The middle-aged woman rolled over and buried her face in her blanket, crying so bitterly her shoulders heaved. So Fourth Aunt climbed unsteadily off her cot, went over and sat down beside her. “Sister-in-Law,” she said softly, patting her back, “don’t do this to yourself. Try to see things as they are. The world wasn’t made for people like us. We must accept our fate. Some people are born to be ministers and generals, others to be slaves and lackeys, and there’s nothing anybody can do about it. The old man upstairs decided that you and I would share this cell. It’s not so bad. We’ve got a cot and a blanket, and free food. If the window was a little bigger, maybe it wouldn’t be so stuffy … but don’t let it get you down. And if you really can’t go on, then you have to find a way to end it all.”
The sounds of crying intensified, drawing the attention of the guard. “Number Forty-six, stop that crying!” she ordered, banging the bars with her fist. “Did you hear me? I said stop crying!”
The order had the desired effect on the sounds but did nothing to lessen the spasms wracking the poor woman’s body.
Fourth Aunt went back to her own cot, where she removed her shoes and sat with her legs under her. Swarms of flies buzzed around the cell, loud one moment, softer the next. Feeling an itch under her waistband, Fourth Aunt reached down and plucked out something fat and meaty. It was a louse, gray in color and very big. She squeezed it between her thumbnails until it was no more than a crusty shell. Since her home was louse-free, this one must have come from the bedding. She held up her gray blanket and, sure enough, the folds were teeming with the squirming insects. “Sister-in-Law,” she blurted out, “there are lice in our blankets!” Gaining no response, she ignored her cellmate and brought the blanket up close to subject it to a careful search. Soon realizing that squeezing each one between her thumbnails slowed down the process, she began flipping them into her mouth and popping them with her molars — she lacked teeth up front to do the job — then spitting out the shells. They had a light syrupy taste, so addictive that she soon forgot her suffering.
2.
Fourth Aunt listened with alarm to the sound of the middle-aged woman retching. She rubbed her eyes, grown tired from her louse hunt, and wiped the remnants of shells from her lips; those that stuck to the back of her hand she scraped off on the wall.

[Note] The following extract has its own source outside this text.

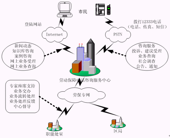 合肥市12333電話(huà)咨詢(xún)服務(wù)系統(tǒng)的建設(shè),使勞動(dòng)和社會(huì)保障業(yè)務(wù)延伸到市民、企業(yè)的身邊?朔赜蚝蜁r(shí)間的限制,實(shí)現(xiàn)了每天24小時(shí)不間斷地隨時(shí)提供服務(wù)。該系統(tǒng)的建設(shè)將原本分散在各部門(mén)的對(duì)外服務(wù)業(yè)務(wù)內(nèi)容,集中在一個(gè)統(tǒng)一的對(duì)外服務(wù)"窗口",并與就業(yè)、失業(yè)、養(yǎng)老、醫(yī)療、生育及勞動(dòng)關(guān)系等管理系統(tǒng)建立接口,實(shí)現(xiàn)資源共享,為勞動(dòng)者提供包括電話(huà)、傳真、電子郵件、因特網(wǎng)等多種方式熱線咨詢(xún)服務(wù),從而架起勞動(dòng)者與勞動(dòng)部門(mén)之間密切聯(lián)系的橋梁,使廣大勞動(dòng)群眾的權(quán)益真正落到了實(shí)處。樹(shù)立勞動(dòng)和社會(huì)保障行業(yè)系統(tǒng)的良好服務(wù)形象。推動(dòng)勞動(dòng)保障局管理和服務(wù)的社會(huì)化,實(shí)行全面的標(biāo)準(zhǔn)化、規(guī)范化、制度化和網(wǎng)絡(luò)化的完善的服務(wù)。

Her cellmate was doubled over with dry heaves, her mouth spread wide, so she shuffled across the cell and began patting her on the back. After wiping the spitde from the corners of her mouth, the woman lay back wearily and closed her eyes; she was gasping for breath.
“You’re not … you know, are you?” Fourth Aunt asked.
The woman opened her dull, lifeless eyes and tried to focus on Fourth Aunt’s face, not understanding the question.
“I asked if you’re expecting.”
The woman responded by opening her mouth and wailing, “My baby” and “My little Aiguo.”
“Please, Sister-in-Law, stop. No more of that,” Fourth Aunt urged. “Tell me what’s bothering you. Don’t keep it bottied up inside.”
“Auntie … my littie Aiguo is dead I saw it in a dream … head cracked open … blood all over his face … chubby little angel turned into a lifeless bag of bones … like when you were killing those lice…. I held him in my arms, called to him … his rosy cheeks, pretty big eyes … so black you could see yourself in them … flowers all over the riverbank, purple wild eggplants and white wither gourds and bitter fruits the color of egg yolks and pink hibiscus … my Aiguo, a little boy who loved flowers more than girls do, picking those flowers to make a bouquet and stick it under my nose. ‘Smell these, Mommy, aren’t they pretty?’ They’re like perfume,’ I said. He picked a white one and said, ‘Kneel down, Mommy’ I asked him why. He told me just to kneel down. My Aiguo could cry at the drop of a hat, so I knelt down, and he stuck that white flower in my hair. ‘Mommy’s got a flower in her hair!’ I said people are supposed to wear red flowers in their hair — white flowers are unlucky, and you only wear them when someone dies. That scared Aiguo. He started crying. ‘Mommy, I don’t want you to die. I can die, but not you.
By this time the poor woman was sobbing uncontrollably. The cell door opened with a loud clang, and an armed guard stood in the doorway with a slip of paper in his hand. “Number Forty-six, come with us!” he ordered.
The woman stopped crying, although her shoulders continued to heave, and her cheeks were still wet with tears. The guard was flanked by white-uniformed police officers. The one to the left, a man, held a pair of brass handcuffs, like golden bracelets; the other one was a short, broad-beamed woman with a pimply face and a hairy black mole at the corner of her mouth.
“Number Forty-six, come with us!”
The woman slipped her feet into her shoes and shuffled toward the door, where the policeman snapped the golden bracelets onto her wrists. “Let’s go.”